Auch Peter Jaksch, Personalleiter der PATRIZIA Immobilien AG ist grundsätzlich bereit, neue Wege mit den Mitarbeitern zu gehen. "Auf diese Art haben wir bereits positive Erfahrung mit Sabbaticals und der Ausbildung in Teilzeit gemacht", so Jaksch. Nicht zu unterschätzen sei darüber hinaus die Rolle von Führungskräften und deren Fürsorgepflicht. Denn gerade durch die technischen Möglichkeiten und die Globalisierung der Arbeitswelt sind mittlerweile eine stetige Erreichbarkeit sowie eine enorme Flexibilität gegeben. Einigen Mitarbeitern fällt es daher schwer auch nach Dienstschluss abzuschalten. Motivierte und engagierte Mitarbeiter können so Gefahr laufen sich zu verausgaben. Aufgabe der Führungskräfte sei es, dies zu erkennen und frühzeitig zu reagieren, den Mitarbeiter also letztlich im Blick zu haben, stimmten Jaksch und Gundel überein.

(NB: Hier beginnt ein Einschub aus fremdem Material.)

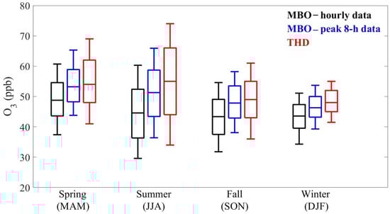 The seasonal variability in O3 concentrations at MBO and THD (680–780 hPa) is shown in Figure 3. Median O3 levels at MBO using all data ranged from 43 ppb in fall to 49 ppb in spring, median peak 8 h O3 levels at MBO ranged from 46 ppb in winter to 53 ppb in spring, and median O3 levels at THD ranged from 48 ppb in winter to 55 ppb in summer. These values are (1) in line with mean baseline O3 concentrations of approximately 50 ppb reported for 15 other high-elevation sites in the WUS [] and (2) about 61–79% of the 70 ppb O3 NAAQS. The slightly lower seasonal concentrations of hourly O3 at MBO were likely attributable to daytime upslope flow of boundary-layer air containing more moisture and less O3 compared to free tropospheric air. Meanwhile, the comparable seasonal values of peak 8 h O3 at MBO and O3 at THD suggest that the two sites are affected by similar airmasses.

Gleichzeitig bedeutet der technische Fortschritt aber auch große Chancen zur Flexibilisierung. "Für unser Unternehmen ist die Einrichtung von Home Office Arbeitsplätzen ein Gewinn", berichtet Holger Hundseder, Partner der SWMP Wirtschaftsprüfer Steuerberater GbR, denn auf diese Weise werde die Vereinbarkeit von Beruf und Familie unterstützt. Nichts desto trotz müsse ein Unternehmen bei der Flexibilisierung von Arbeitszeiten aber auch die rechtlichen Rahmenbedingungen im Blick haben, so Hundseder. So sei das Bilden von Rückstellungen gerade für kleinere Unternehmen ein beachtlicher finanzieller Aufwand.
In Sachen Arbeitszeitmodelle und Vereinbarkeit von Beruf und Familie ist Gertrud Grießer, stellvertretendes Mitglied des Vorstands der Kreissparkasse Augsburg, zu Hause. "Bereits 1974 wurde Gleitzeit in der Kreissparkasse eingeführt", so Grießer. Mit der Zeit seien weitere Flexibilisierungen entstanden und mit der Zertifizierung für das Audit berufundfamilie der Hertie Stiftung sei letztlich die ganze Bandbreite von Arbeitszeitmodellen ausgebaut worden. Mit einem Frauenanteil von 60% sei dies auch absolut notwendig.
Mit diesem Stichwort widmete sich die Gesprächsrunde dem Thema Führen in Teilzeit und streifte das Handlungsfeld Vereinbarkeit von Beruf und Familie. Beiden Themen standen die Teilnehmer der Gesprächsrunde sehr offen gegenüber und diskutierten über die Realisierbarkeit. Betont wurde insbesondere die Notwendigkeit, dass die Themen nur umgesetzt werden, wenn auch die Geschäftsführung und die Führungskräfte selber überzeugt sind und entsprechend handeln, nicht nur den Mitarbeitern, sondern auch sich selber gegenüber. Einig war sich die Runde, dass das Thema Führen in Teilzeit von der jeweiligen Führungskraft vor allem die Bereitschaft abverlangt zu delegieren, da das operative Element der bisherigen Tätigkeit in den Hintergrund treten müsse. Gleichzeitig, so Grießer, bedeute dies auch eine große Chance für Nachwuchsführungskräfte. Durch die Neuverteilung der Arbeitsaufgaben würden diese eine frühzeitige Talentförderung erfahren.
Frühzeitig fand die Veranstaltung jedenfalls nicht ihr Ende. Weitere Themen wurden angesprochen, andere fanden, auf Grund der fortschreitenden Zeit, leider keine Berücksichtigung. Dennoch folgte das Plenum konzentriert dem Gespräch und gestaltete dies aktiv durch Fragen und Anmerkungen mit. Nachdem es Dr. Annette Rosch gelang, den Bogen zum Ende der Gesprächsrunde zu spannen, führten Veranstaltungsteilnehmer und Referenten die Gespräche bei einem Imbiss in gelöster Atmosphäre fort.